Hitting the Big
Four
Uh-Oh!

by Shevi Arnold

Illustration for column goes here.

Today I’m hitting the big Four Uh-Oh, and it is hitting me back. Hard.

As my daughter watches a children’s DVD, a commercial for The Cat in the Hat makes me think of the words in the book. Somehow they’re different from the ones I remember.
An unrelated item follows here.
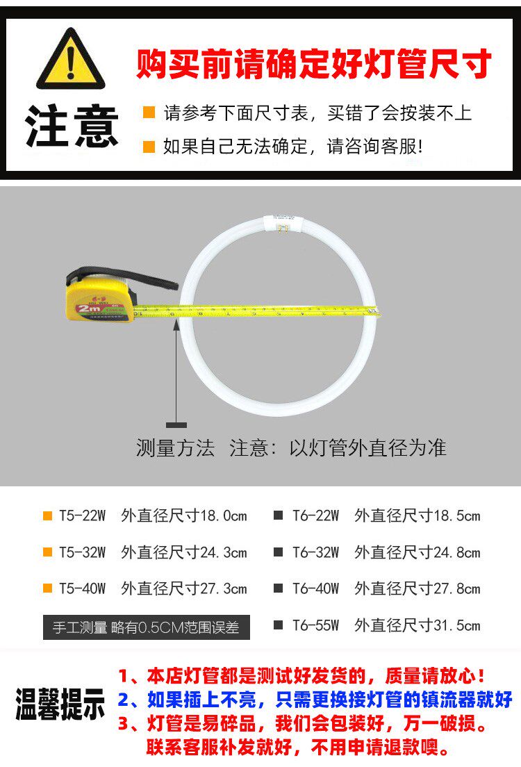 Ring lighting tube home t5t6 round suction top light tube four-pin tricolour white light 22W32W40W55W energy saving lamp
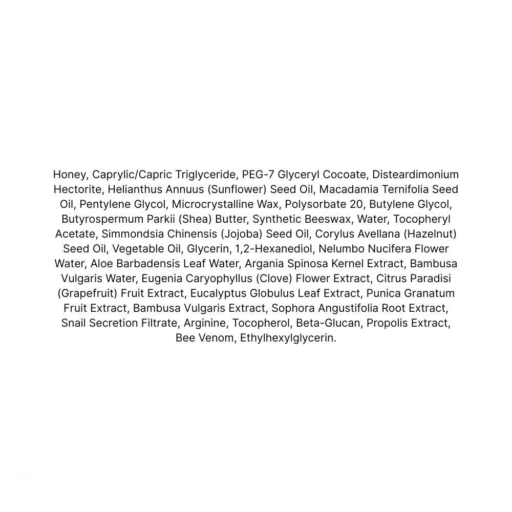 Miere naturală (38,7%) – Ingredient vedetă cu proprietăți antibacteriene, antioxidante și hidratante. Susține regenerarea celulară și menține pielea moale și netedă.

But my mind said, “No! No!”

“Make this day go away.

Tell the kids in the yard

I still want to play!

I’m not too old to go out!

Not too old to play ball!

Why should I stay in the house

And do nothing at all?”

 

 The problem is, here I stand in the middle of life, and it seems my best years are behind me. I used to be a political cartoonist. I was interviewed on television, radio, in newspapers and magazines. I was a consumer columnist, too. I wrote articles people loved to read, because I helped them save money and avoid scams. I was a blushing, wisecracking bride. I gave birth to two children and held them in my arms for the first time. I used to be somebody. I used to be a contender. But where am I now? A stay-at-home housewife that’s where.

 I’m not ready for this birthday! I’m young. I can still throw a Frisbee. Okay, so I might throw my back out at the same time, but that Frisbee will still get to it’s destination. Eventually.
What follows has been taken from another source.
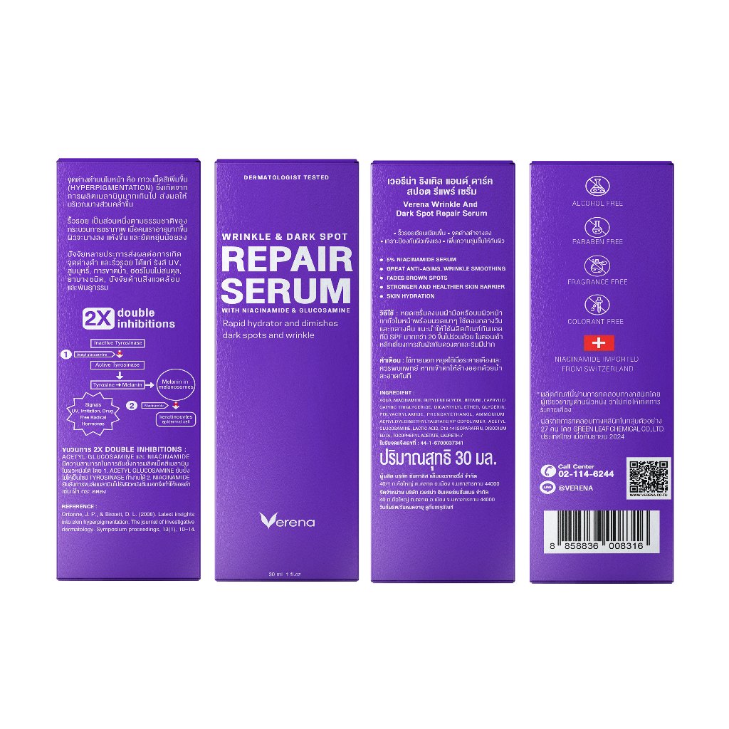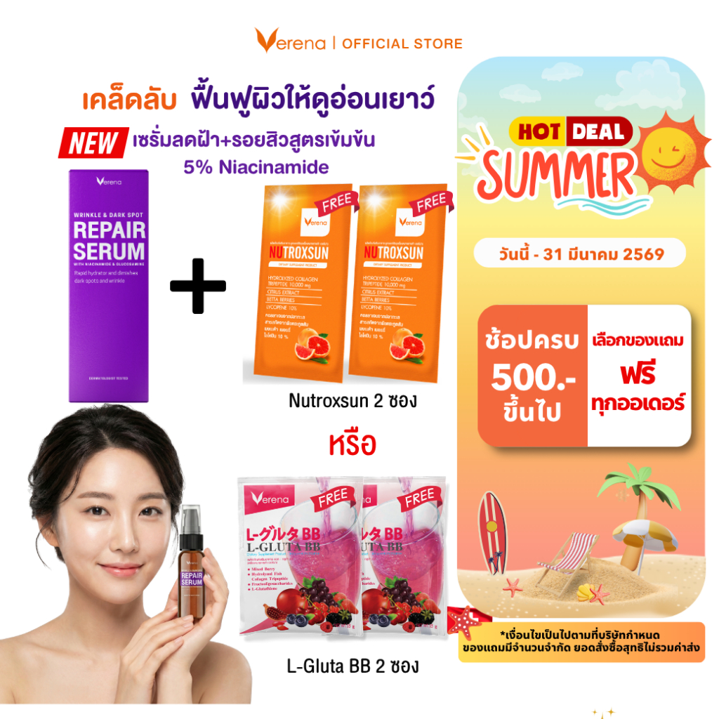 Verena Repair Serum เซรั่มลดริ้วรอย จุดด่างดำ ผิวกระจ่างใส 5% Niacinamide 30ml [ส่งไวมากคร๊าบ]

 To celebrate early (not) I went in for my 40-year, 100,000-mile check up. I discovered that after forty you have to start taking tests you didn’t have to take before, like mammograms. You have to start worrying that something will kill you. Death becomes inevitable. It was always inevitable, but after forty you suddenly have to do something about it.

 So the next stage of my life I have to look forward to is menopause. Whoopee. That’s a word I’ll never understand, menopause. Why should something that only happens to women start with the word “men?” And what’s the “pause” part? Is it only a temporary setback that starts at fifty and stops at sixty? The meno was paused but it’s back now? No. It should be called woman-o-permanent.

 I was getting headaches so I went to the optician, too, in case I needed new glasses. It turned out my prescription was fine, but I might need reading glasses soon. I think nature tries to compensate for giving you fine lines and gray hairs, by also giving you bad eyesight so you can’t see them.

 Maybe that’s why your hearing goes, too, so you won’t have to listen to that awful stuff the young fellers call music nowadays.

 And at what age do you start growing intolerant and using words like “young fellers?” It seems whenever young actors play old versions of their characters, they always start talking with an accent they didn’t have before, and it’s usually Southern or Jewish. When am I supposed to start talking that way? I don’t want to. And if I ever start using expressions like “young fellers,” I hope it will be when I’m talking about my husband and his friends.

 The music teenagers listen to today doesn’t bother me. I actually like some of it. I like Avril Lavigne and Vanessa Carlton. I like to watch kids' films and read children’s books. Youth may slip away, but you can hold onto immaturity forever.

 On the bright side, I’m still younger than my older sister and older than my husband. She’s eleven months older, and he’s seven months younger. I know it isn’t much of a difference, but it still makes me happy to be the little sister and a lady with a toy boy at the same time. 

 I’m also still younger than two out of the six cast members of Friends. Which is going off the air. Which means they’ll stay young forever, while I’ll just get older and older. Rats.  

 I also know this birthday won’t last forever. Someday I’ll be forty-one. (Arg!) And forty-two. (Akk!) And even fifty. (Oh, boy.) Of course, that’s better than the alternative. And who knows, maybe I’ll turn out to be another Grandma Moses. Maybe I’ll get my second wind at seventy. A whole new world of opportunities awaits me. Of course, if I want to see it, I’m going to need reading glasses.